Searching the Way
The Artists of Studio A Gateway Arts
Arnheim Gallery
January 19-February 5, 2010
Reception: February 3, 5-7 pm
Russell McNaught, 2008
Read more about Gateway Arts
This show was curated by Scott Alberg, Teacher Preparation Program student. He worked at Gateway for nine years in a variety of roles, assisting with the gallery, promoting the artists’ work, and working with the artists in the studios. During his last one-and-a-half years there, he oversaw the administration and daily functioning of the Studio A program as well as working with the artists.
Curatorial Statement
Studio A at Gateway Arts is an artspace for adults who, despite living with significant psychiatric disabilities, have dedicated themselves to the making of art. It is the only program in the country dedicated exclusively to assisting artists with psychiatric disabilities establish a career in art. The artists who participate in the program come from a variety of backgrounds. Some have studied art in college and have earned degrees, while others had limited experience making art seriously before entering the program. This exhibition highlights half of the thirty artists who work in Studio A on a daily basis. The studio not only provides space and materials to artists, but it also assists them with the marketing and promotion of their work through the Gateway Gallery, the Gateway craft store, and by facilitating opportunities for exhibition outside the program. This exhibition is an example of the later activity, as staff solicited artists to submit work to us. Three colleagues and I then submitted the work to the Arnheim Gallery in the form of a proposal. Over the years many Mass Art students and alumni have either interned or been employed by Gateway Arts.
This exhibition is a survey of the work produced at Studio A over the course of many years. What unites the artists in the show is the deeply personal nature of their work and their process. Studio A artists tend to focus on their surroundings, their experiences, and their desires as a source of subject matter. Many utilize methodologies long familiar to contemporary artists, such as appropriation, self-reflexive formalism, or the sampling of a variety of pop-cultural references. For several in the show, art is a means toward the production of personal mythologies and the expression of a world-view that in turn resonates against the kind of stigmatization and alienation experienced by some who live with psychiatric disabilities.

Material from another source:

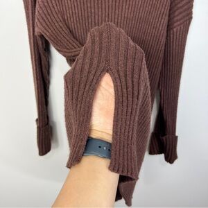 Features: Long silhouette sweater. Ribbed design. Roll neck. Turned up cuffs on sleeves. Slits at sides of hem. Dropped shoulders.

It is important to stress that the work in the exhibition was not produced as a form of therapy, nor was it produced with the same motivations and compulsions that often characterize the so-called “art of the mentally ill.” The significant interest of artists, scholars, and doctors in “psychotic art” or what became known as “art brut”, grew out of the Romantic movement of the 19th century, the growth of asylums, and the burgeoning field of psychiatry. It was believed that this work was an expression of those who existed somehow outside of culture, somewhere on the periphery of normality and reason. The inclination of the collective of artists who practice at Studio A and Gateway Arts as a whole mark a sharp break with this kind of discourse. Instead of an institutionally imposed isolation from the world, it is an engagement with culture and life that is celebrated. The motivation of Studio A and its artists is to position the work along the spectrum of the contemporary discourse. It is work that participates fully with current debates on what is beautiful, important, and profound. At times it is work that can question our fundamental assumptions of what art is, what art looks like, and what art can be.